Brent oil futures dropped 0.7% $93.66 a barrel, while U.S. West Texas Intermediate futures fell 0.8% to $88.58 a barrel by 22:02 ET (02:02 GMT). Both contracts are down over 4% this week.

Oil prices fell sharply in recent sessions as major Chinese cities including Shanghai and Shenzhen ramped up COVID testing and introduced new curbs amid a spike in infections.

Beijing’s zero-COVID policy ground Chinese economic growth to a halt this year as the government introduced a flurry of lockdowns in major business hubs. This saw oil imports by the country slow steadily through the year.

 

Dollar at 24-year peak to yen after U.S. yields jump, sterling choppy

The dollar scaled fresh 24-year heights on the yen on Wednesday, breaching levels that prompted intervention by Japanese officials last month, as traders braced for U.S. inflation data and its implications for further Federal Reserve rate hikes.

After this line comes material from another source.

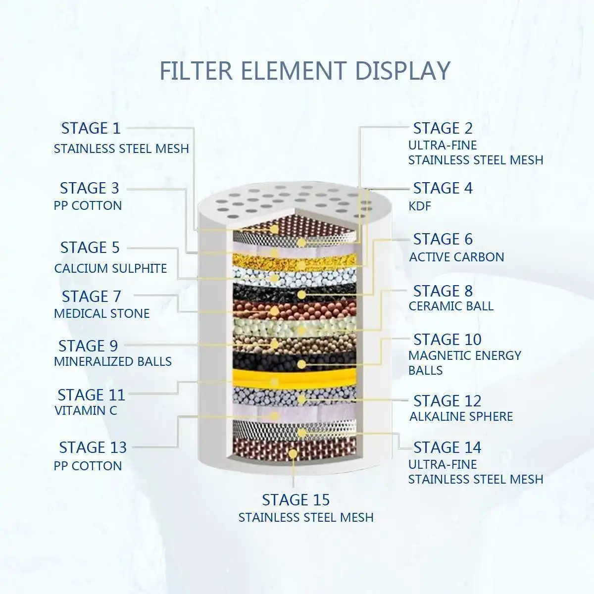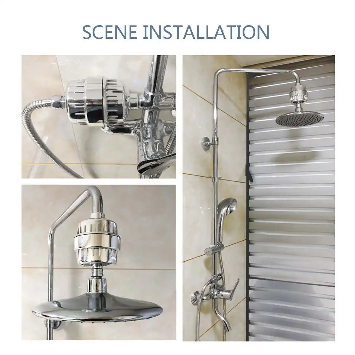 Особенности: -Более чистая вода дает вам более мягкую кожу, гладкие волосы. Душ в воде без хлора увеличивает более высокий уровень энергии. С фильтром вы сразу заметите, что вода мягче, мыло и шампунь пузырьки лучше, ваша кожа и волосы получают лучшую влагу. -Идеальное сочетание KDF, PP хлопка, кокосовой скорлупы керамических шариков с активированным углем и других фильтрующих материалов обеспечивает лучший эффект очистки воды. -Работает с любой душевой головкой и ручным душем. Инструмент не требуется. Установите в течение нескольких минут. Просто завинчивайте между душевой и душевой Флекс. Легко собрать и разобрать. Защищает весь душ в доме от грязной воды. -Нанесите на холодную воду и горячую воду, высокая температура и давление не повлияют на функцию самого продукта. Многослойный фильтрующий слой, который поможет вам удалить воду из примесей и пигментов, а также может поглощать токсичные газы, вредные вещества и плохой запах, эффективно предотвращает производство накипи, плесени, чтобы обеспечить вам здоровое качество воды. Спецификация: Тип: 15-ступенчатый фильтр для душа Цвет: серебристый Материал корпуса: АБС-пластик Диапазон температур: 5-35 ℃ Гидравлическое давление: 0,15-0.3mpa Размер: как показано на рисунке Вес: 13,3 г Расход воды: ≥ 90 л/ч Посылка включает в себя: 1 x насадка для душа PTFE Лента

Sterling slipped to a new two-week trough after Bank of England Governor Andrew Bailey reiterated that the central bank will end its emergency bond-buying program on Friday and told pension fund managers to finish rebalancing their positions within that time frame.

However, the pound rebounded slightly after a report in the Financial Times said the BoE has signalled privately to lenders that it’s prepared to prolong its bond purchases.

The risk-sensitive Australian dollar sank to a 2 1/2-year low.

The dollar strengthened 0.22% to 146.18 yen in Asian trading, after pushing as high as 146.39 for the first time since August 1998.

The Japanese currency is particularly sensitive to the gap between U.S. and Japanese long-term bond yields. The benchmark 10-year Treasury yield jumped to the cusp of a 14-year high overnight at 4.006%, while the equivalent Japanese government bond yield is pinned near zero by the Bank of Japan.

Japanese authorities staged their first yen-buying intervention since 1998 on Sept. 22, when the yen tumbled to as low as 145.90 per dollar.